┏━━

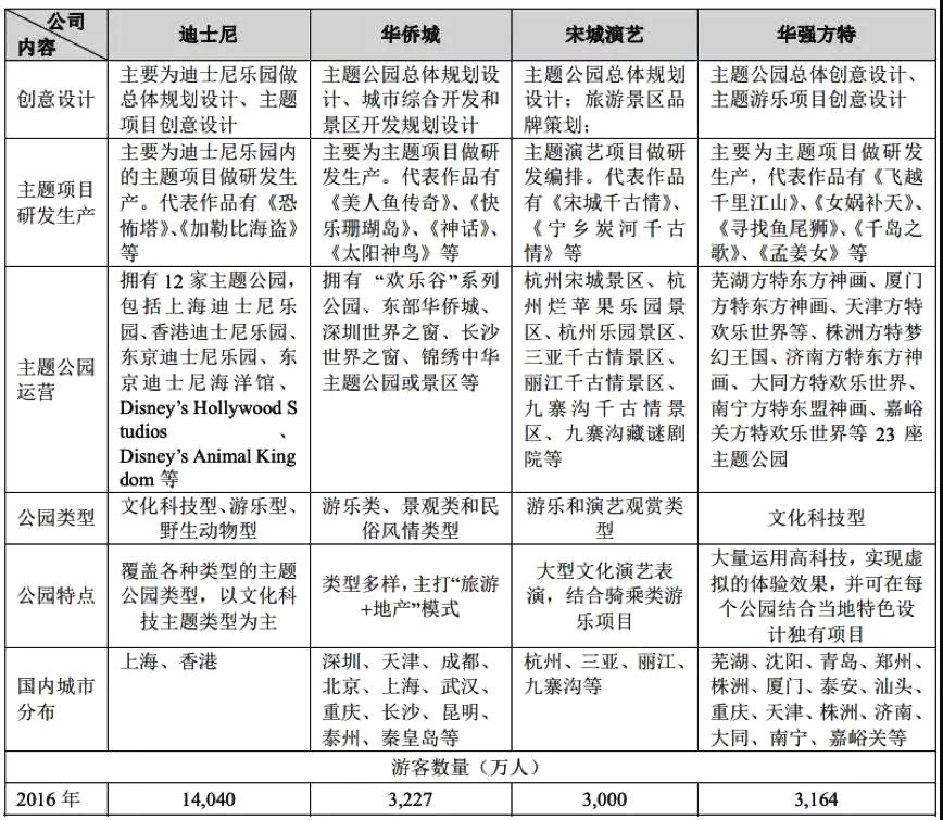 国内竞争方面,主要对手包括华侨城、宋城演艺、长隆集团。按照招股书提供的数据显示,华强方特的游客数量比宋城演艺多,但比华侨城少,但这三者总和都没有迪士尼中国多。
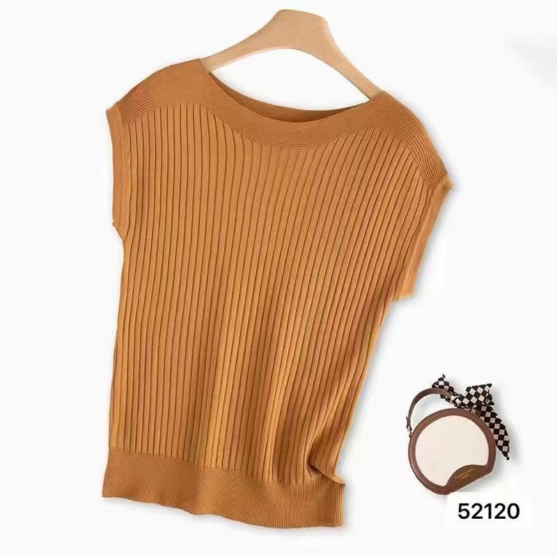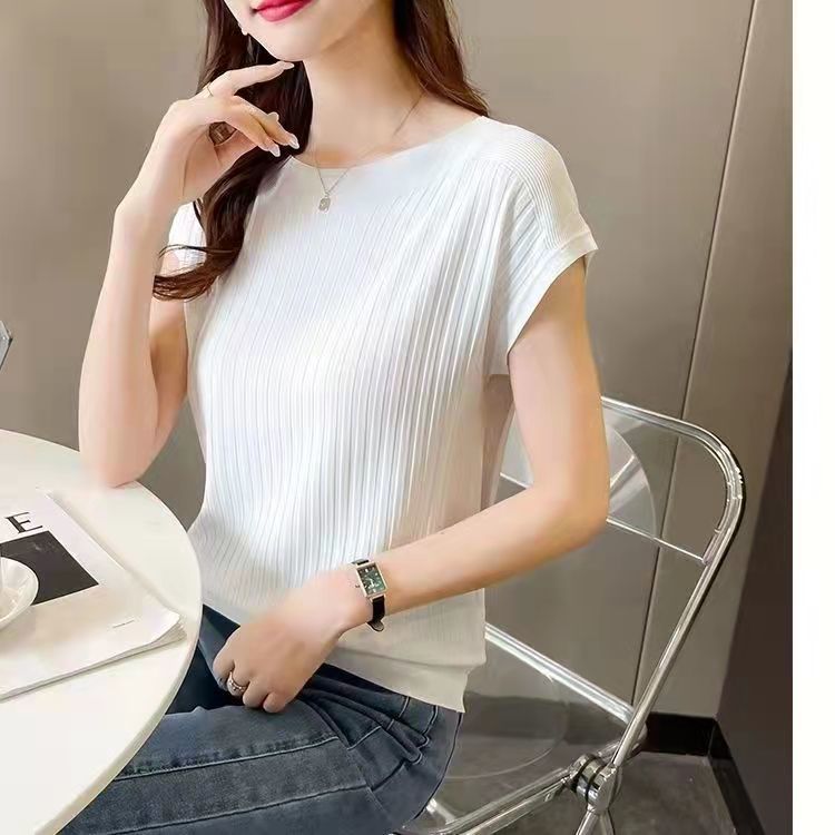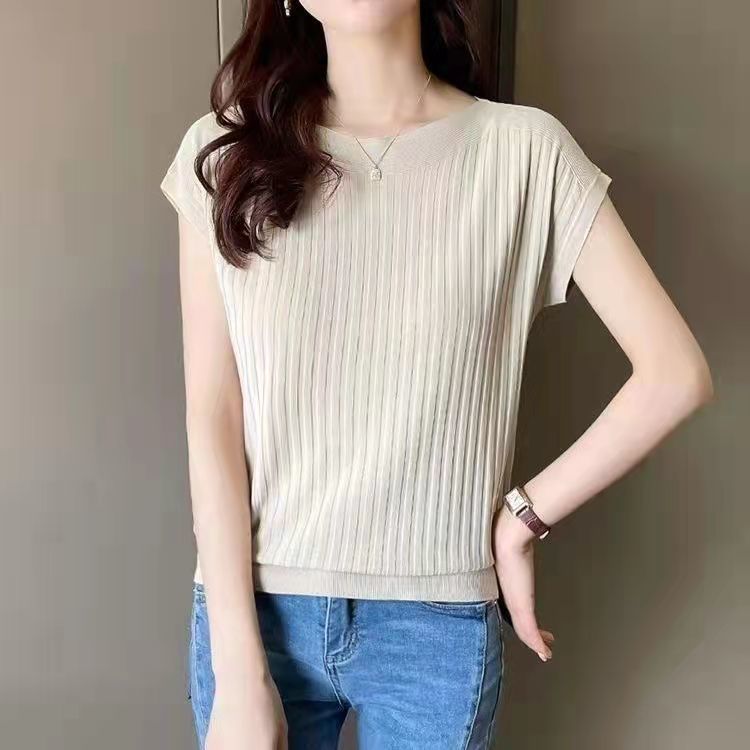 오프 넥 아이스 실크 니트 짧은 소매 여성의 여름 얇은 아우터 착용 다용도 티셔츠 탑 2023 새로운 느슨한 하프 슬리브스토어 가기
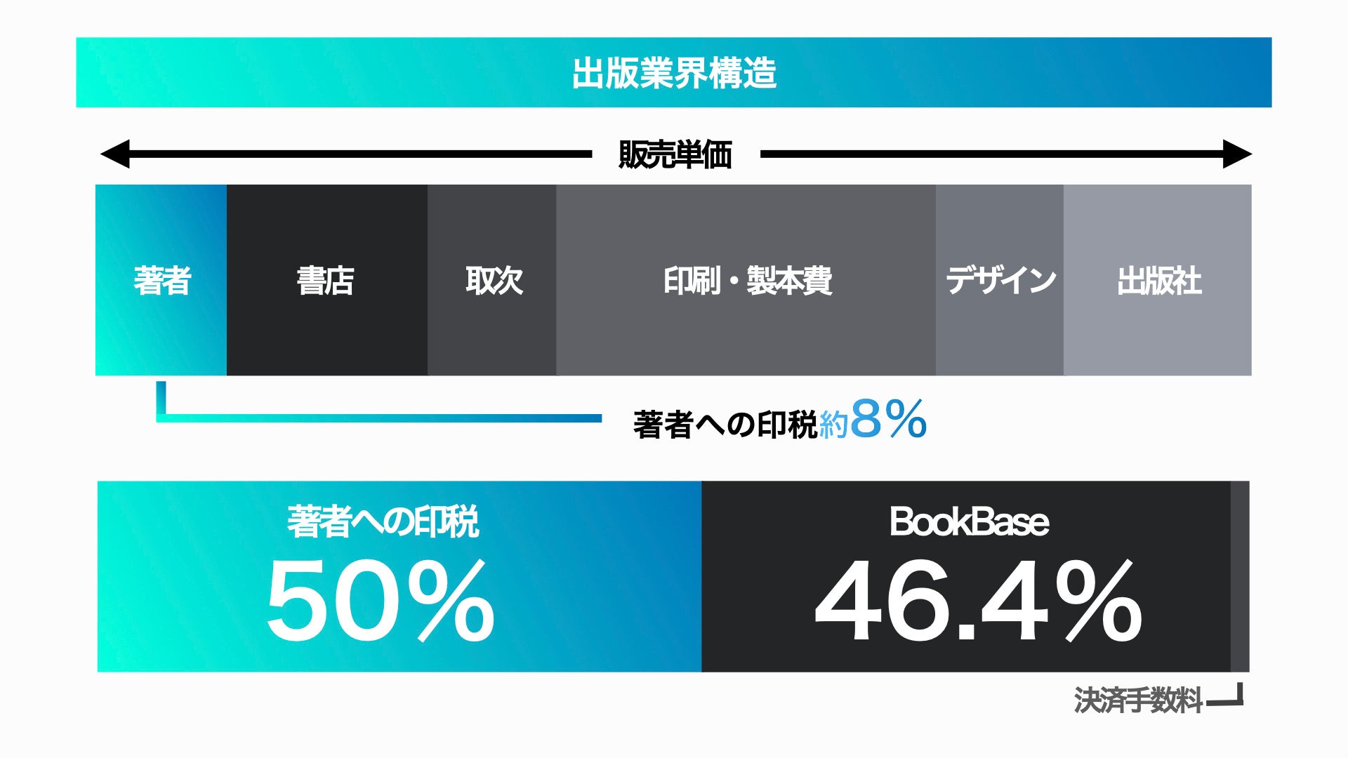 従来の紙をベースとした出版システムでは、作品の作成から販売まで複数の業者が関わることで、コストがかさんでしまいクリエイターに十分な利益を確保することが困難であったという問題がありました。これをBookBaseでは、オンラインにてワンストップで行うことができるシステムとすることで、従来の出版社と同様のサポート体制をつくりながら、印税50%とこれまでの5〜6倍の高還元率を実現しています。

┗━━

#### Action item:
The answer must be the full listing, restated word for word, with no pictures in it.

#### Exercise answer:
 国内竞争方面,主要对手包括华侨城、宋城演艺、长隆集团。按照招股书提供的数据显示,华强方特的游客数量比宋城演艺多,但比华侨城少,但这三者总和都没有迪士尼中国多。
 오프 넥 아이스 실크 니트 짧은 소매 여성의 여름 얇은 아우터 착용 다용도 티셔츠 탑 2023 새로운 느슨한 하프 슬리브스토어 가기
 従来の紙をベースとした出版システムでは、作品の作成から販売まで複数の業者が関わることで、コストがかさんでしまいクリエイターに十分な利益を確保することが困難であったという問題がありました。これをBookBaseでは、オンラインにてワンストップで行うことができるシステムとすることで、従来の出版社と同様のサポート体制をつくりながら、印税50%とこれまでの5〜6倍の高還元率を実現しています。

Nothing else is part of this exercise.